BioPACIFIC MIP’s combination of leading-edge instrumentation and expertise is also a boon for the project’s educational mission. Students and postdoctoral researchers work with techniques and technologies that are becoming commonplace in industrial settings but hard to find at other universities.

Leaders note that BioPACIFIC MIP’s workforce development focus is central.

“There is a gap between how we currently train students in the sciences and what most of them go on to do in industry,” Hawker said. “BioPACIFIC MIP brings us up to date by giving trainees experience working in multidisciplinary teams, and showing them how to accelerate and automate workflows. It’s one way of fulfilling our responsibility to prepare the next generation for the realities of the careers they’ll be pursuing.”

Dreaming up the fantastic plastics of tomorrow

BioPACIFIC MIP’s students and trainees work together with faculty and staff to lay the groundwork for a future where society escapes the catch-22 of synthetic polymers: We’re accruing an abundance of garbage because objects made from them stick around for decades and longer after their useful life has expired. Meanwhile, the supply of raw material, petroleum, is not bottomless.

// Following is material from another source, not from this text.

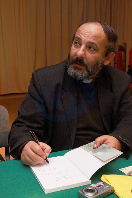 Warszawa Ursus, Dom Kultury, Ks.Tadeusz Isakowicz Zaleski podpisuje swoja nowa ksiazke Przemilczane Ludobojstwo na Kresach
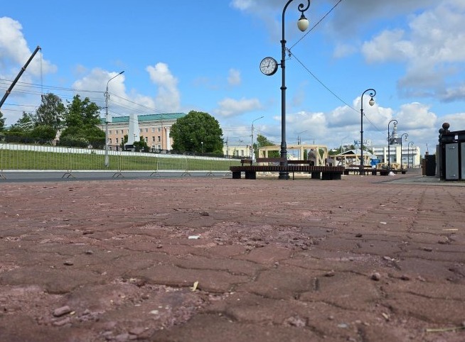 На Красной пристани начались работы по покраске участков брусчатки. Мэр акцентировал внимание на спуске с улицы Карла Либкнехта — уже этим летом здесь приведут в порядок тротуары и восстановят дорожное покрытие.

The researchers are using biobased building blocks, such as the incredible edible monomer that is alpha-lipoic acid, to construct molecular backbones for new types of plastic that break down on a scale of months rather than many decades. Set against the evidence piling up about deleterious health effects of certain widespread synthetic plastics, their work could also make consumer products safer.

“When we’re working with something ingestible, we know it breaks down into a substance that’s proven to be safe,” Read de Alaniz said. “We no longer have to worry about that monomer breaking down into a more toxic version of the plastic. It changes the types of materials we can think about designing.”

To that end, the BioPACIFIC MIP team is investigating ways to imbue the bioplastics with useful characteristics: What if the material was antimicrobial? Or capable of breaking down on command?

The initiative’s leaders plan to feed the wealth of data their experiments produce into machine-learning algorithms to uncover previously obscured relationships between structure and function. Ultimately, this could flip materials design on its head, replacing trial and error with an intentional approach that starts with desired characteristics.

“This is what the research community needs and the NSF supports, to be freed from relying solely on our training and our intuition,” Stieg said. “We want to be able to harness the power of large datasets to inform us. Hopefully, we’ll be able to realize entirely new design rules that unlock a world of possibility for materials discovery.”